Across S1–S6, CTCM-Neo outperforms because it couples a goal-directed generator (constraint-aware proposals + REPAIR) with an uncertainty-aware selector (frozen, calibrated classifier + conformal accept/reject). This combination reduces wasted evaluations, escapes shallow attractors, and improves the chance of reaching a global-quality region rather than settling in local optima. We compare against CTCM-classic (the natural ablation/baseline from the same family), GA (population-based evolutionary search that represents the canonical heuristic for discrete sequences), and SA (a widely used single-trajectory metaheuristic with temperature-controlled exploration). These three span the dominant heuristic paradigms used in sequence design, making the comparison both fair and informative. In summary, Figure 9 (best-so-far objective) and Figure 10 (log-regret) together show that CTCM-Neo converges earlier, maintains higher certainty at its operating point, and avoids local traps more reliably—precisely the properties you want for antimalarial peptide prediction under stringent physicochemical and safety constraints.

Comparative performance

5.5

Among the prior lines most comparable to our goal are proteome-scale PU-learning screens that rank Plasmodium antigens (Chou et al., 2024), reverse-vaccinology pipelines that assemble multi-epitope constructs with docking/MD post-filters (Bhalerao et al., 2024; Mandal et al., 2025), and structure-aware predictors that sharpen HLA/B-cell pre-filters (Jeong et al., 2024; Choi and Kim, 2024). These studies excel at prioritizing existing sequences or protein regions, but they are not de novo pipelines and typically lack calibrated uncertainty control. Large-scale AMP mining expands the global sequence reservoir (Santos-Júnior et al., 2024), while PlasmoFAB standardizes evaluation for antigen discovery (Ditz et al., 2023); again, neither unifies generation with risk-aware screening nor reports external generalization on truly unseen peptide sequences. By contrast, our framework combines a constraint-aware generator (CTCM-Neo) with a frozen, calibrated classifier (ConformaX-PEP) and a conformal acceptance gate, so that design constraints (Charge/GRAVY/Boman), novelty control, and decision uncertainty are handled jointly rather than in loosely coupled steps.

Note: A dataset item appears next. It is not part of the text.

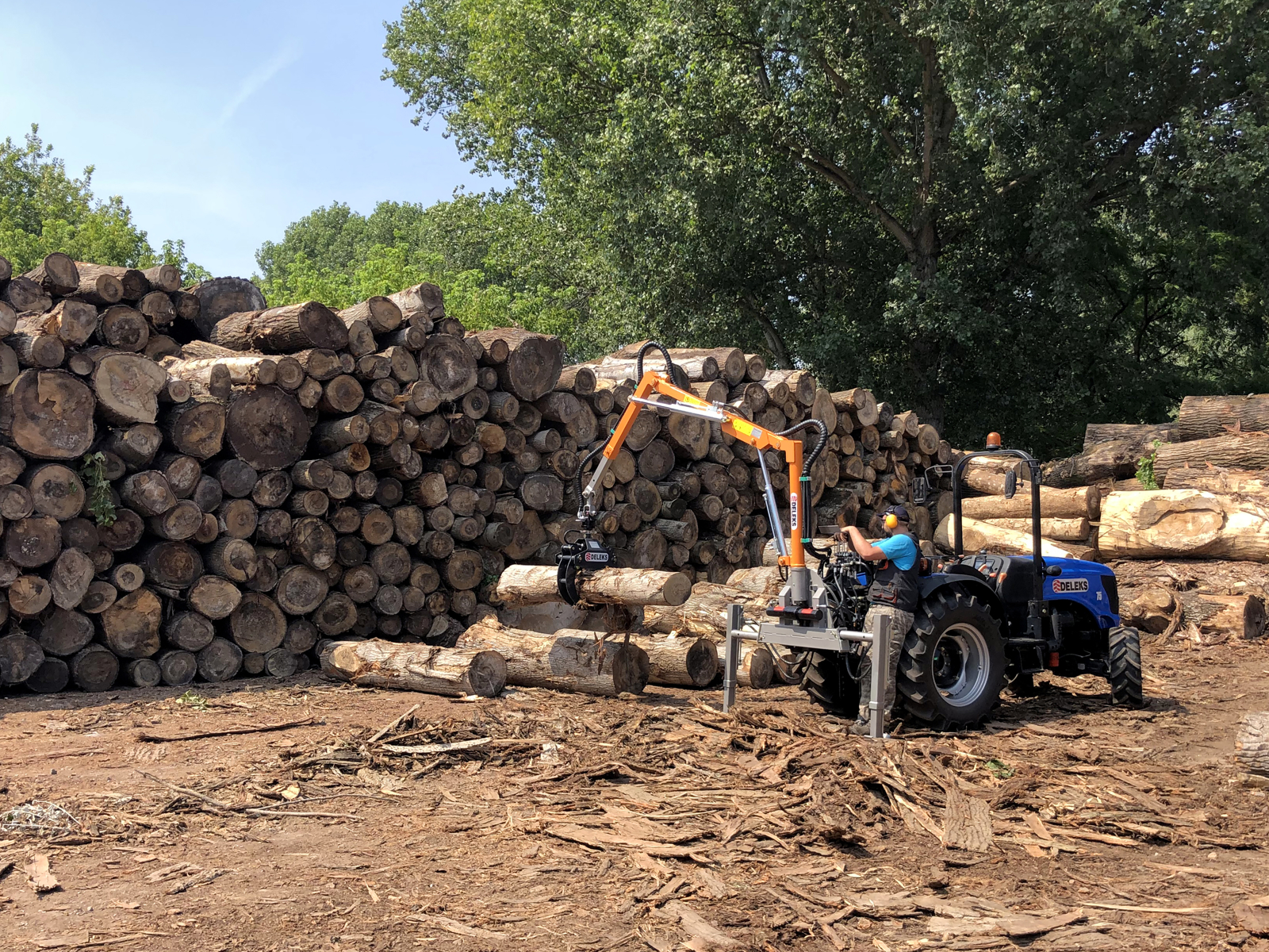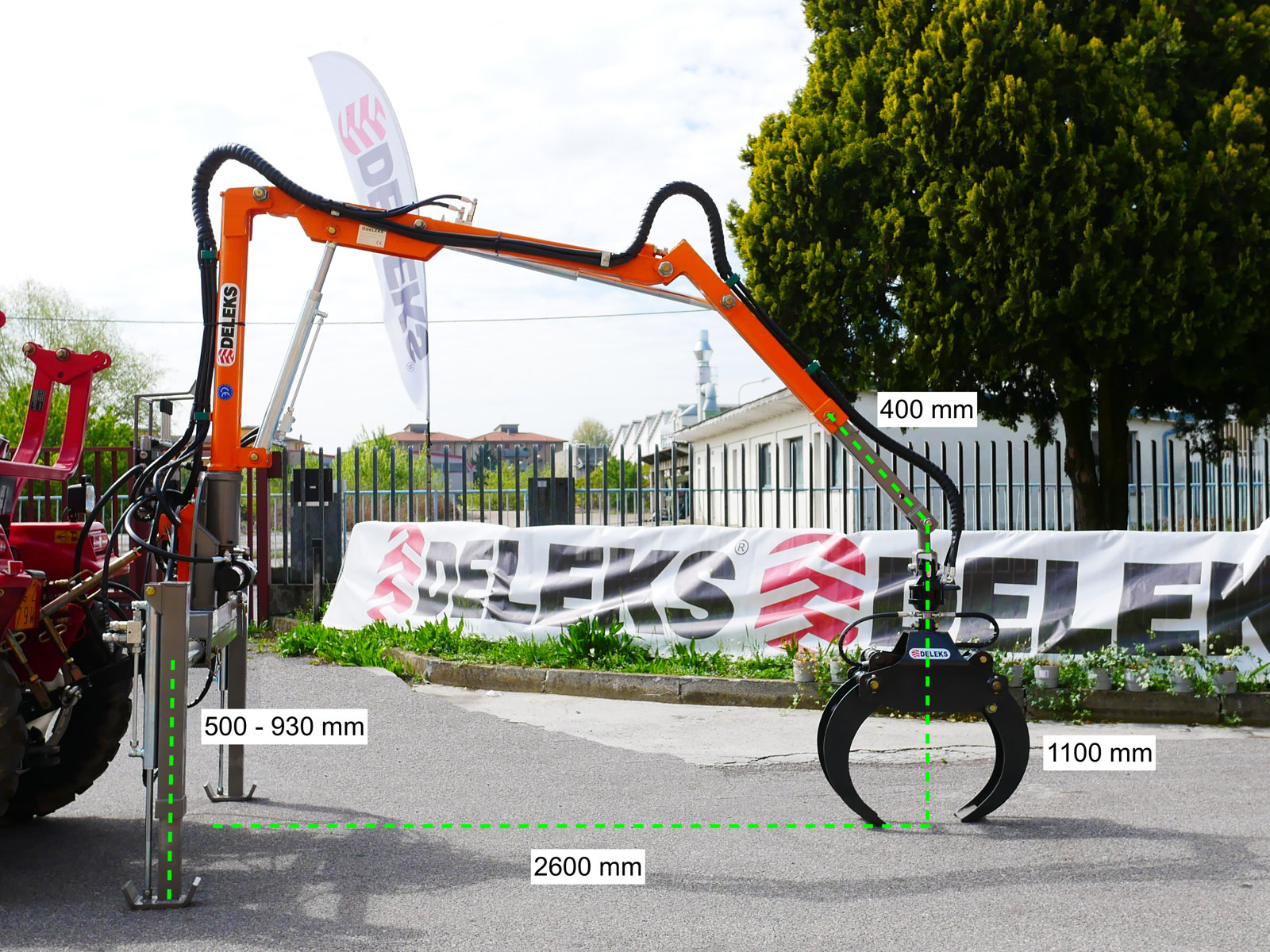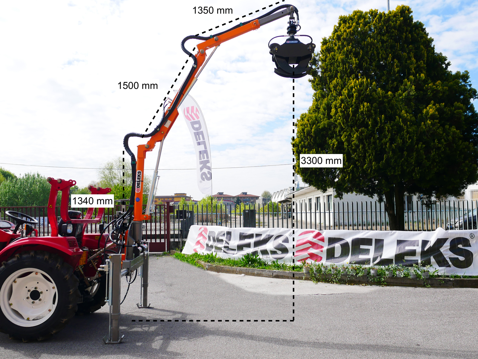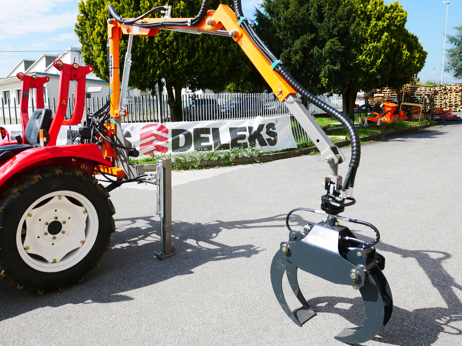 Tractor mounted timber crane, forestry crane - DELEKS®- Hydraulic parts MADE IN ITALY - DK10 Log Grapple with GR10 Rotor Lombarda Ingranaggi®

To directly contextualize our approach against recent state-of-the-art peptide design/screening platforms highlighted by the reviewer (AMPGen/AMP-GEN, AMPSphere workflows, and PlasmoFAB screening), we summarize a capability-level comparison across generation, screening, uncertainty control, and decision policy (Table 10). Because these platforms target different tasks, datasets, and evaluation protocols, we report a methodological (capability-level) comparison rather than a strict head-to-head benchmark.

Under an equal evaluation budget, identical physicochemical constraints, and the same conformal gate, CTCM-Neo consistently outperforms CTCM (classic), GA, and SA across six scenarios (S1–S6). In Figure 9, it reaches high objective values earlier and more reliably, while Figure 10 shows an order of magnitude faster log-regret decay with low between seed dispersion, which indicates superior sample efficiency, fewer local traps, and a closer approach to the global optimum. This search advantage translates downstream: on 210 unseen peptides (80 AM/130 NM), the pipeline delivers 92.5% to 93.5% accuracy in two independent runs with balanced precision/recall/F1 and minor variability, while maintaining good calibration at the fixed operating point (conformal risk α = 0.10, p_act_ ≥ 0.80, p_hemo_ ≤ 0.20). Prior classifiers aimed at broad antiprotozoal peptides report strong internal AUCs (Periwal et al., 2024) but do not demonstrate this end-to-end, threshold-fixed external generalization on antiplasmodial sequences.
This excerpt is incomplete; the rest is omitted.